Aimez-vous les petites bêtes?
BEAUCOUP les craignent. J’étais de cet avis jusqu’à ce que je commence à les observer d’un peu plus près. Examinons quelques détails à propos de trois de ces bestioles auxquelles je me suis intéressé.
Le charançon du Japon
En mai, un charançon du Japon se choisit une jeune feuille — de chêne, par exemple — dont il commence par entailler les nervures, près de la base du pétiole. Privée de sève, la feuille se flétrit. Il faut maintenant la plier.
Pour avoir peut-être déjà essayé de décorer un plat en enveloppant les aliments dans des feuilles, vous savez combien il est difficile de plier celles-ci correctement. Pourtant, ce minuscule insecte (moins de cinq millimètres de long) fait preuve d’une grande habileté dans cet exercice. À l’aide de ses six pattes et de ses mandibules, il plie la feuille dans le sens de la longueur, puis il commence à l’enrouler en remontant à partir de la pointe. En cours d’exécution, il s’arrête pour déposer un œuf dans les plis de la feuille, avant d’achever son rouleau. Astucieusement, il rentre alors les bords de la feuille à l’intérieur du “cigare” pour lui éviter de se dérouler.
Lorsque l’œuf éclôt, la larve naît à l’abri dans un garde-manger bien pourvu en nourriture fraîche. La feuille étant enroulée hermétiquement, l’intérieur reste frais, tout comme se conserve plus longtemps le cœur d’un chou ou d’une salade coupés. Grâce aux préparatifs d’une mère pleine de talents, la larve aura de quoi se nourrir jusqu’au moment où elle sortira, trois ou quatre semaines plus tard.
Un papillon magnifique
Arrêtons-nous à présent sur les œufs du papillon du Japon, le grand pourpre. Ils méritent d’être vus. Depuis la fin du mois de juillet jusqu’à la mi-août, on peut trouver ces œufs sur les feuilles et les branches, disposés par paquets de 20 à 200 unités, chacun d’un diamètre de 1,5 millimètre.
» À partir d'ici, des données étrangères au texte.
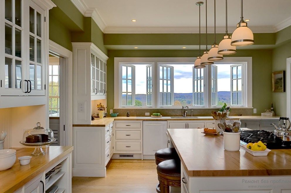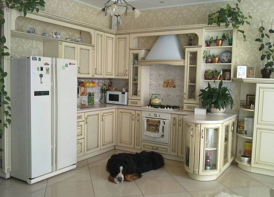 На данный стиль стоит обратить внимание, если кухня больших размеров. Кантри-стиль характерен использованием натуральных материалов, наличием национальных, естественных элементов, лоскутных тканей, т.е
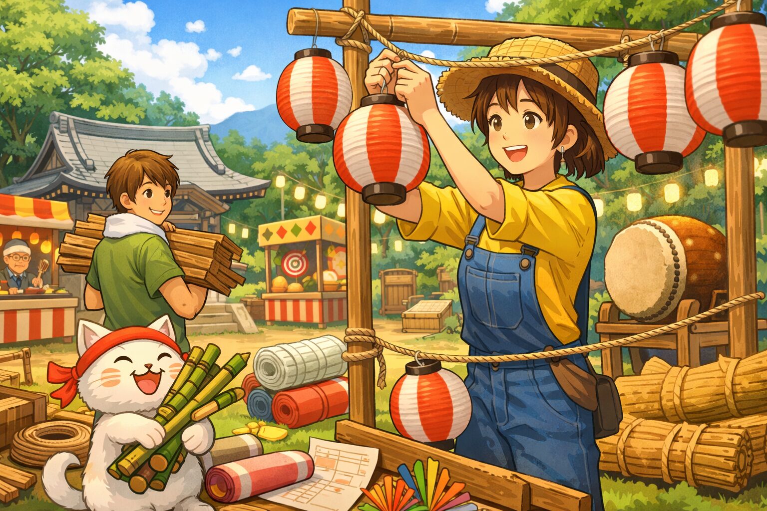 竹もイベント準備で大量に必要になります。特に夏祭りでは竹素材を多く使うため、見つけたら回収しておくと後の準備が楽になります。
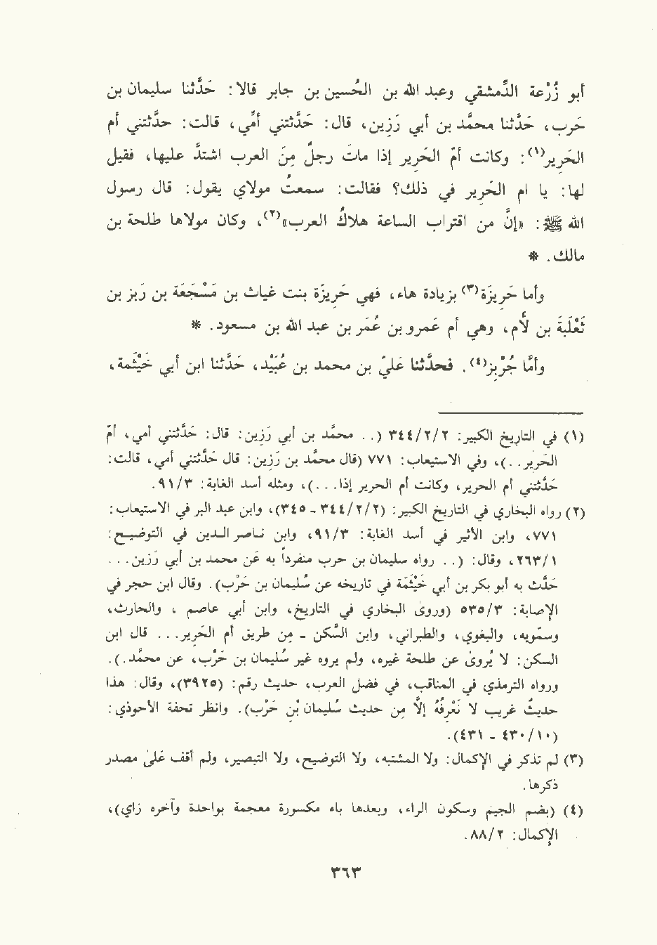 حَدَّثَنا أبو زُرْعَة الدِّمَشْقي وعَبد الله بن الحُسَين بن جابر قالا: حَدَّثَنا سُلَيمان بن حَرْب , حَدَّثَنا مُحمَّد بن أبي رَزِين قال: حدثتني أمي قالت: حدثتني أم الحَرِير: وكانت أم الحَرِير إذا مات رجل من العرب اشتد عليها فقيل لها: يا أم الحرير في ذلك؟ فقالت: سَمِعتُ مولاي يقول: قال رسول الله صلى الله عليه وسلم: إن من اقتراب الساعة هلال العرب وكان مولاها طَلْحة بن مالك.
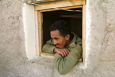 ET17: Near Senafe, a soldier looks out of a window in what had been a strategic command post for the Eritrean army, now taken over by the Ethiopians.
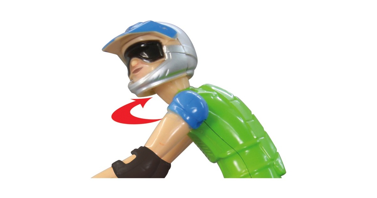 Beweglicher Kopf; realistische Tretbewegung, Musik, Licht |
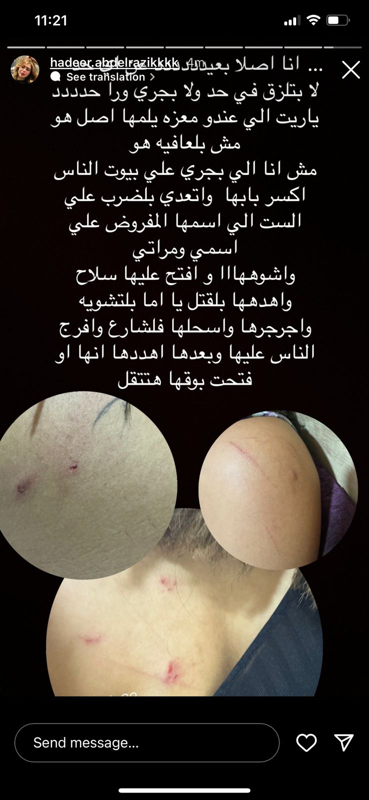وأشارت هدير عبد الرازق إلى تعرضها لتهديدات قائلة: أنا نفسي حقيقي أصرخ وأتكلم بس للأسف انا مهددة بالقتل أو الحبس بطريقة أبشع من اللي قبلها، أو ممكن أتشوه بمياه النار، لكن أنا مش هسكت وهتكلم وهحكي كل حاجة يا حسين ومش هسيب حقي.
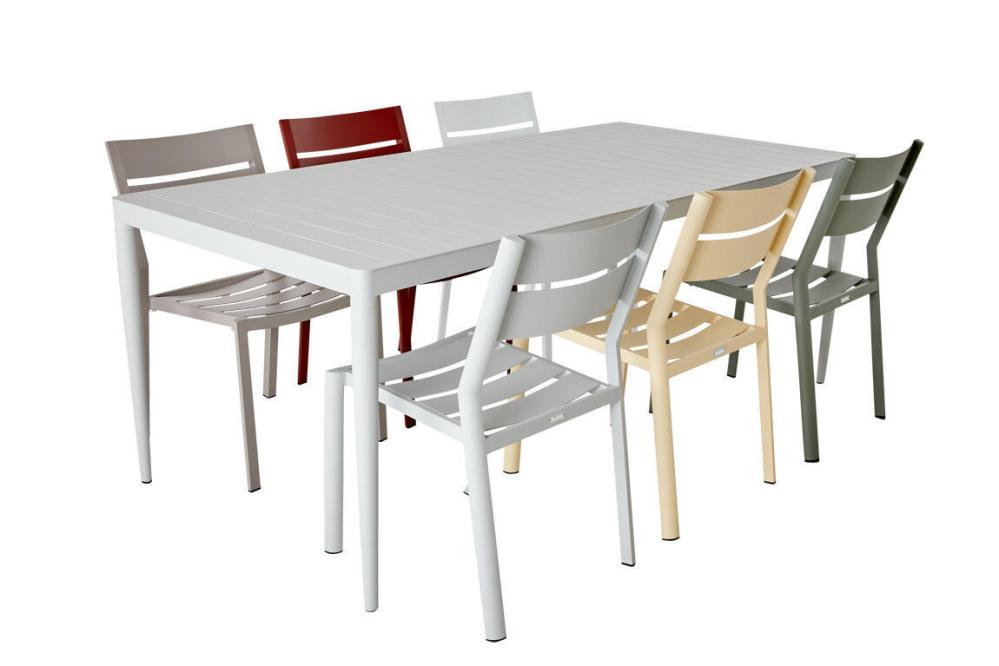 I den här utegruppen har Bigby kombinerats med Delia matstolar. Dessa moderna stapelstolar är tillverkade av mattlackad aluminium och finns i flera färger. Delia-stolarna har ett modernt formspråk med snyggt utformade detaljer och är lätta att stapla för smidig förvaring. För allra bäst sittkomfort kan du komplettera med sittdynor. Skapa en bekväm och stilren matplats utomhus med Bigby och Delia.
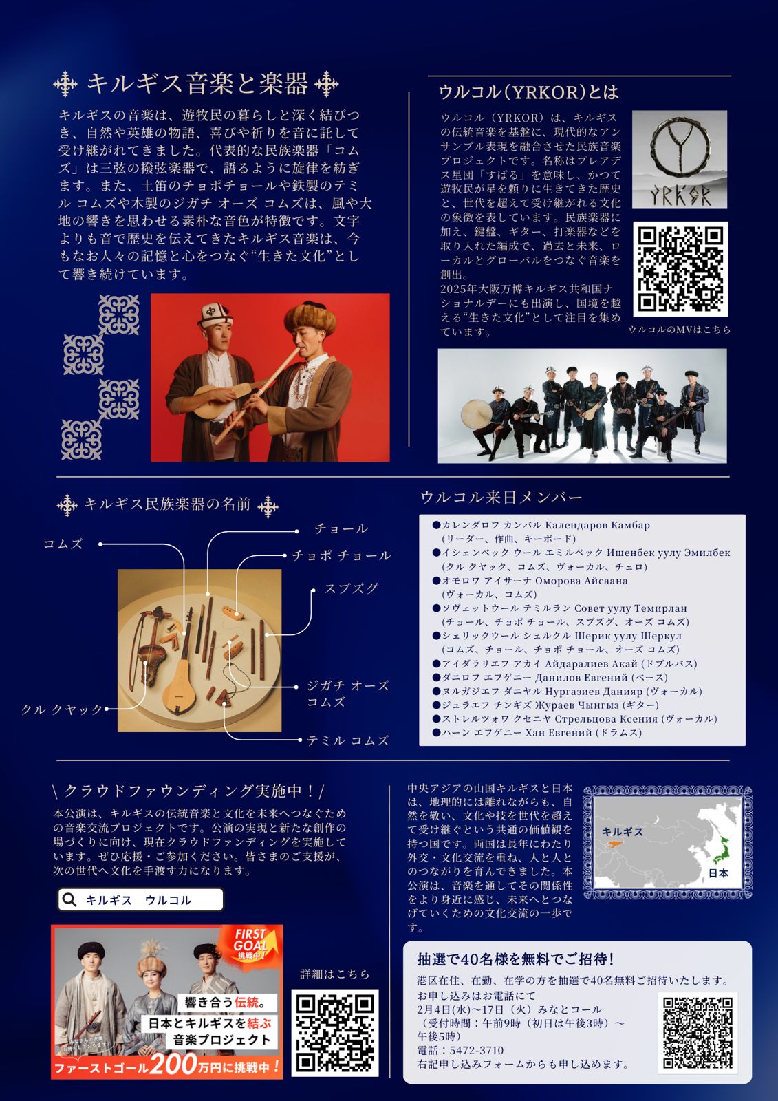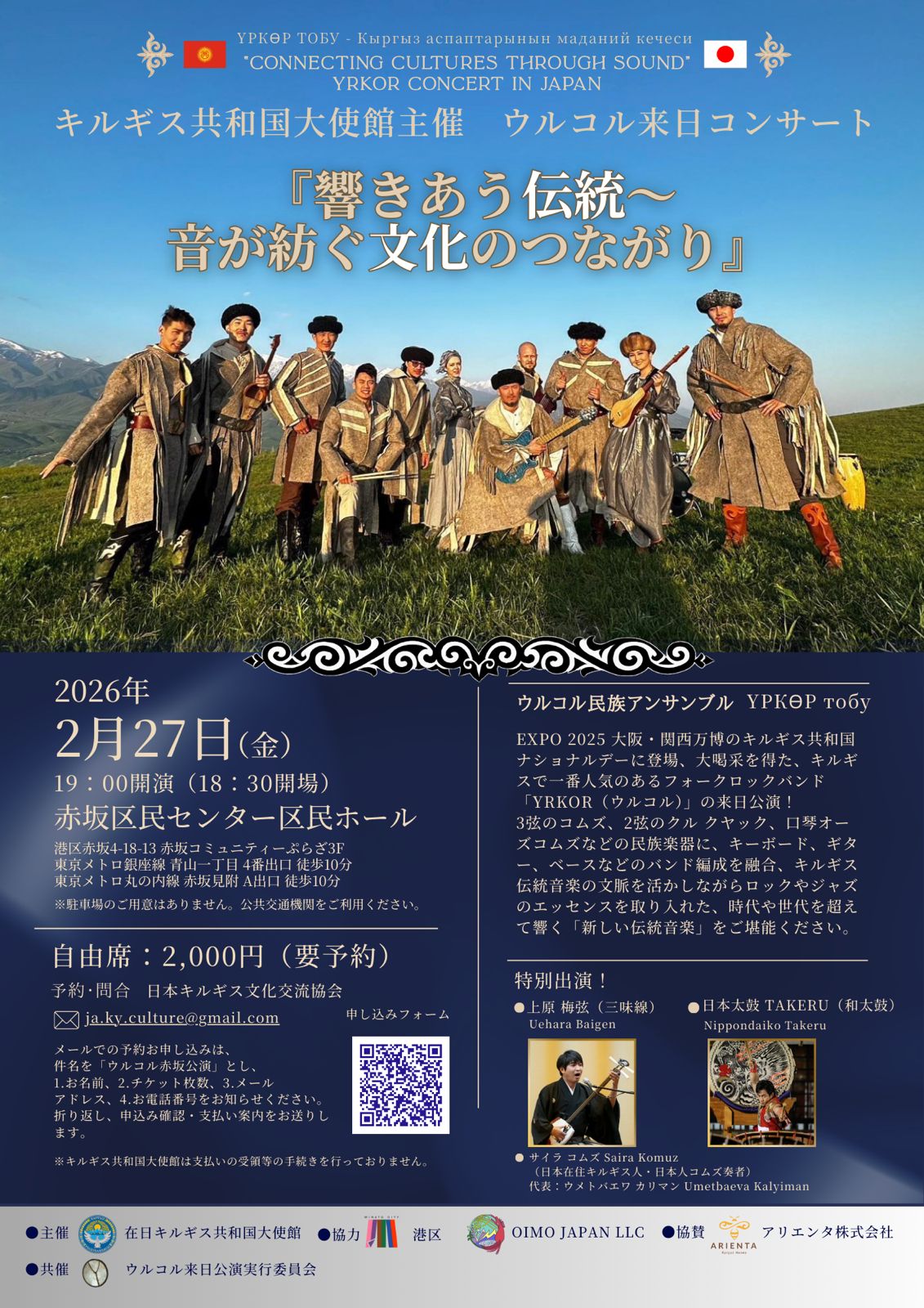 2026年2月27日(金)「ウルコル来日コンサート『響きあう伝統~音が紡ぐ文化のつながり』」(キルギス共和国大使館主催)
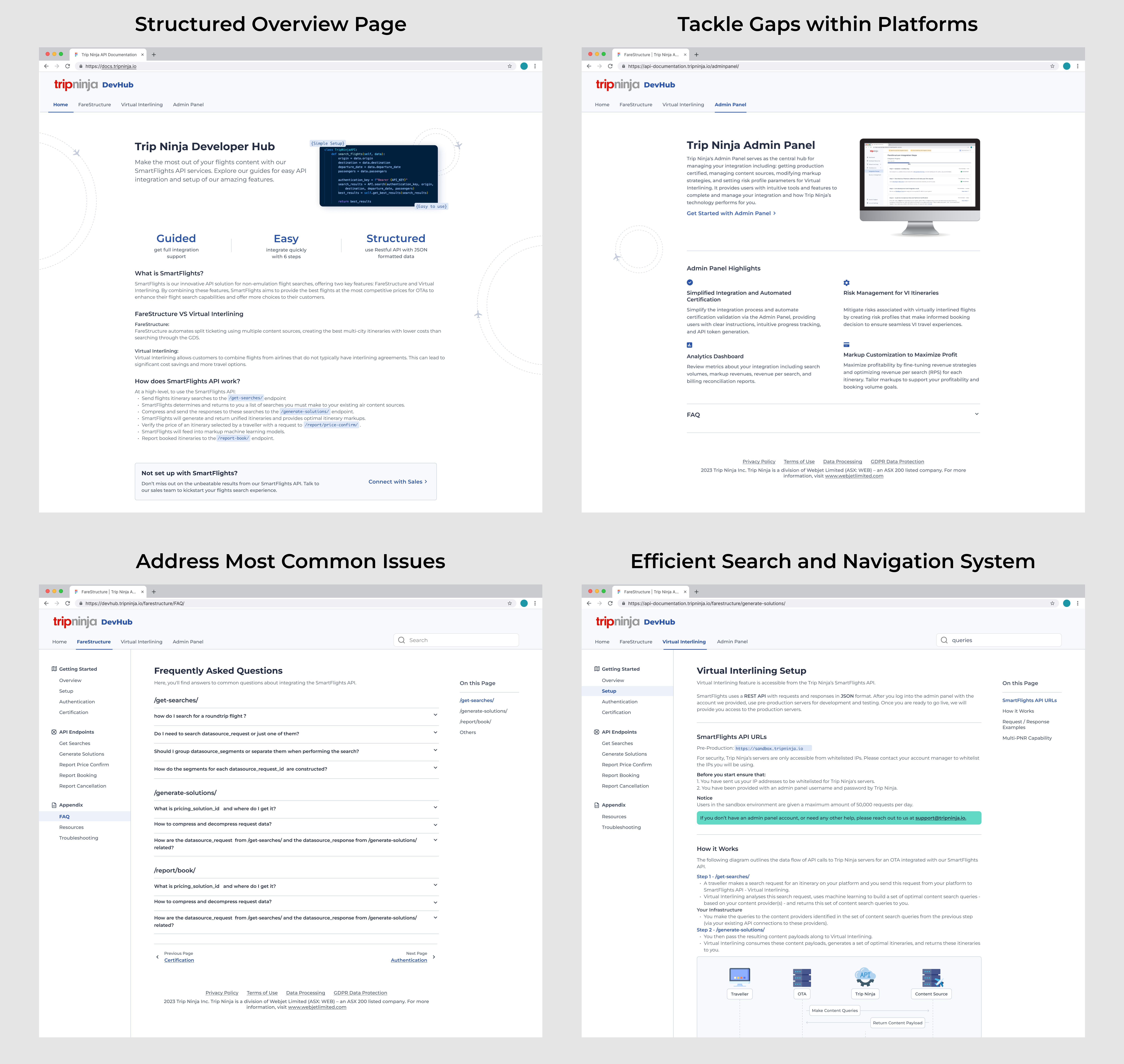 Reduced Engineering Overhead: By providing comprehensive and user-friendly documentation, the TripNinja API reduced the time TripNinja engineers spent on customer integration and communication by 70%, significantly improving team efficiency and focus on core development tasks.
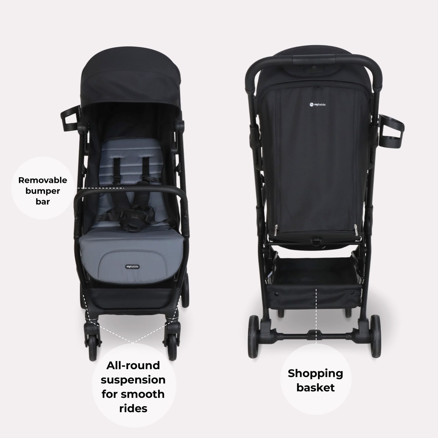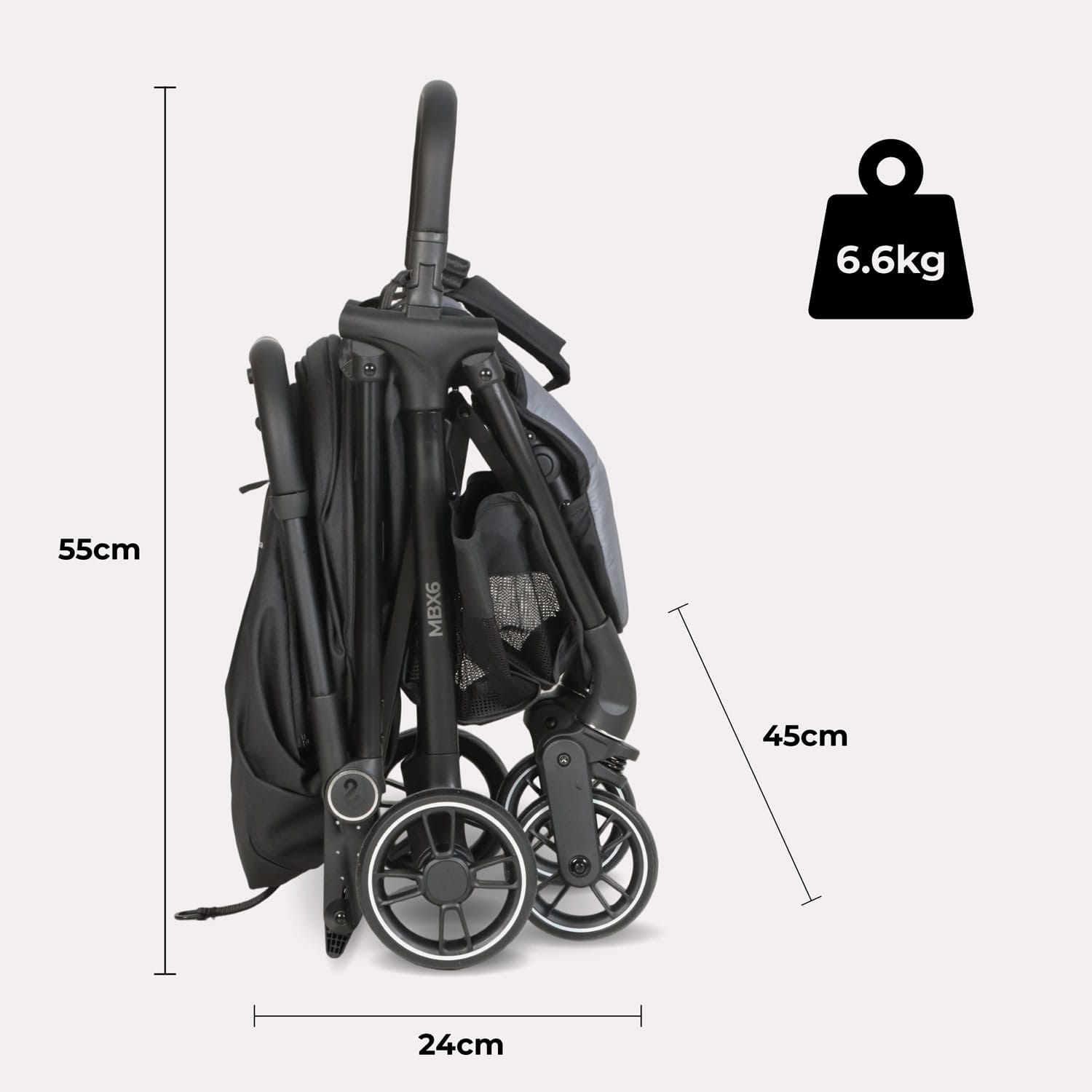 My Babiie MBX6 Auto-Fold Compact Stroller – Black/Grey
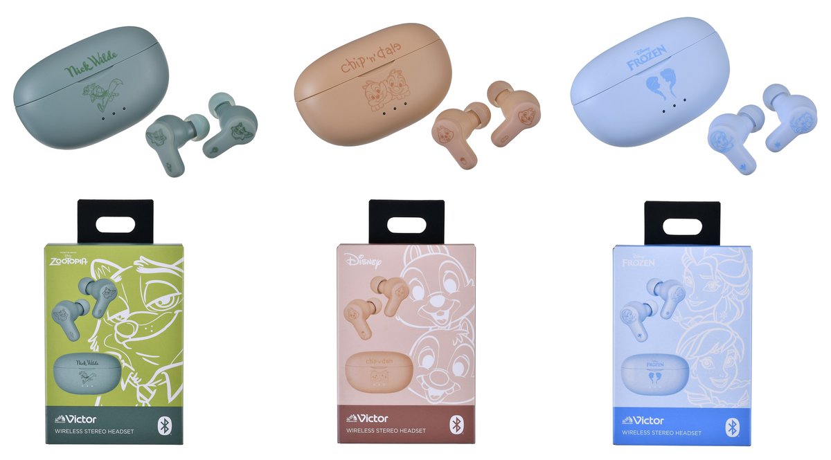 JVCケンウッドは、Victorブランドとディズニーストアとの共同企画第3弾として、完全ワイヤレスイヤホン「HA-A20T」の「ニック」「チップ&デール」「アナとエルサ」デザインモデルを、3月20日(金)から発売する。
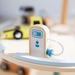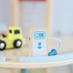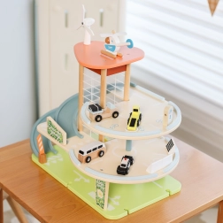 Questo edificio di parcheggio in legno a tre livelli permette, grazie all'ascensore manuale, di spostare i giocattoli tra i piani. Una speciale rampa a zigzag consente una rapida discesa delle auto. Inoltre, il dispositivo è dotato di una stazione di ricarica elettrica. Il set include tre macchinine e un elicottero, offrendo ore di divertimento e sviluppando l'immaginazione dei bambini.
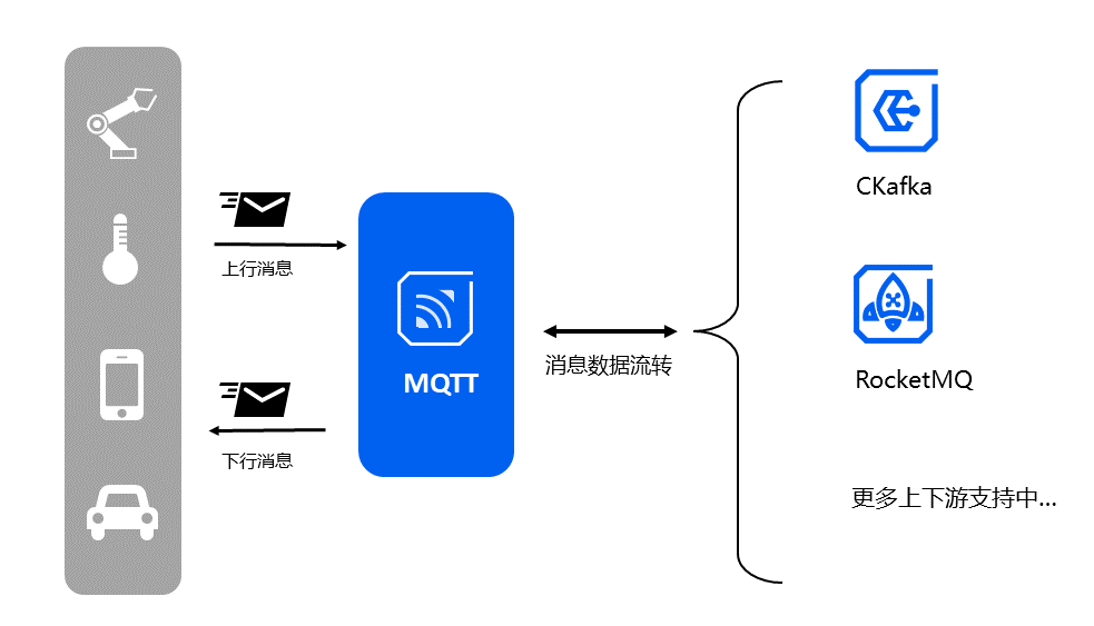 By configuring message replication tasks, data is synchronized between different products (within the same region or across different regions). Currently, message integration and interoperability between MQTT and Message Queue CKafka/RocketMQ are already supported. Subsequently, data integration channels between MQTT and more cloud products will be connected.

Ils éclosent en l’espace de six à huit jours. La larve découpe le sommet de l’œuf, s’en extirpe puis en mange la coquille. Voilà une petite bête très propre!
La larve va ensuite passer les trois ou quatre mois suivants à manger, dormir et muer plusieurs fois. En novembre, elle se cache au pied d’un arbre, parmi les feuilles tombées, et sombre dans un profond sommeil jusqu’aux premiers jours de mai. À son réveil, elle se dépouille de son enveloppe hivernale de couleur brune et recommence à s’alimenter, avec un fort appétit cette fois. Peu de temps après, elle se transforme en chrysalide, ou pupe. Son excellent camouflage, qui lui fait ressembler à une feuille agitée par la brise, la met à l’abri des prédateurs.
L’insecte a un peu plus de dix mois. Vers la fin du mois de juin, la pupe se déchire et il en émerge un magnifique papillon qui peut atteindre 11 centimètres d’envergure. Comme il ne lui reste plus qu’une quarantaine de jours à vivre, c’est à la fin de son existence qu’il sera au zénith de sa beauté.
Une abeille besogneuse
Les abeilles coupeuses de feuilles consacrent beaucoup de temps à trouver l’endroit idéal où construire leur nid. Il peut s’agir d’une niche dans une pierre, d’une galerie dans le bois — du bambou par exemple — ou d’un terrier creusé dans le sol.
Le logement étant trouvé, l’abeille part à la recherche de feuilles appropriées dont elle découpe des morceaux à l’ovale parfait. Elle les plie en deux et les ramène au nid. Il n’est pas rare qu’elle effectue ainsi entre 20 et 30 voyages pour rassembler suffisamment de feuilles.
Au cours des deux jours suivants, l’abeille recueille du nectar et du pollen, qu’elle ramène et dépose au nid. Une fois qu’il y a assez de nourriture pour assurer le développement de la larve jusqu’à l’état adulte, elle pond un œuf. N’ayant de cesse de l’avoir mis à l’abri, cette mère consciencieuse repart découper quelques morceaux de feuilles parfaitement ronds avec lesquels elle obture la cellule où repose son œuf si précieux. À son éclosion, la larve bénéficiera d’une alimentation équilibrée, composée de nectar (des hydrates de carbone) et de pollen (des protéines), grâce aux soins d’une mère travailleuse.
En observant quelques insectes, j’ai compris que même une connaissance limitée de ces petites bêtes peut effacer de nombreux préjugés à l’égard de Jéhovah, leur grand Créateur. Pourquoi ne prendriez-vous pas, vous aussi, un peu de temps pour vous intéresser à elles? Les petites bêtes sont partout.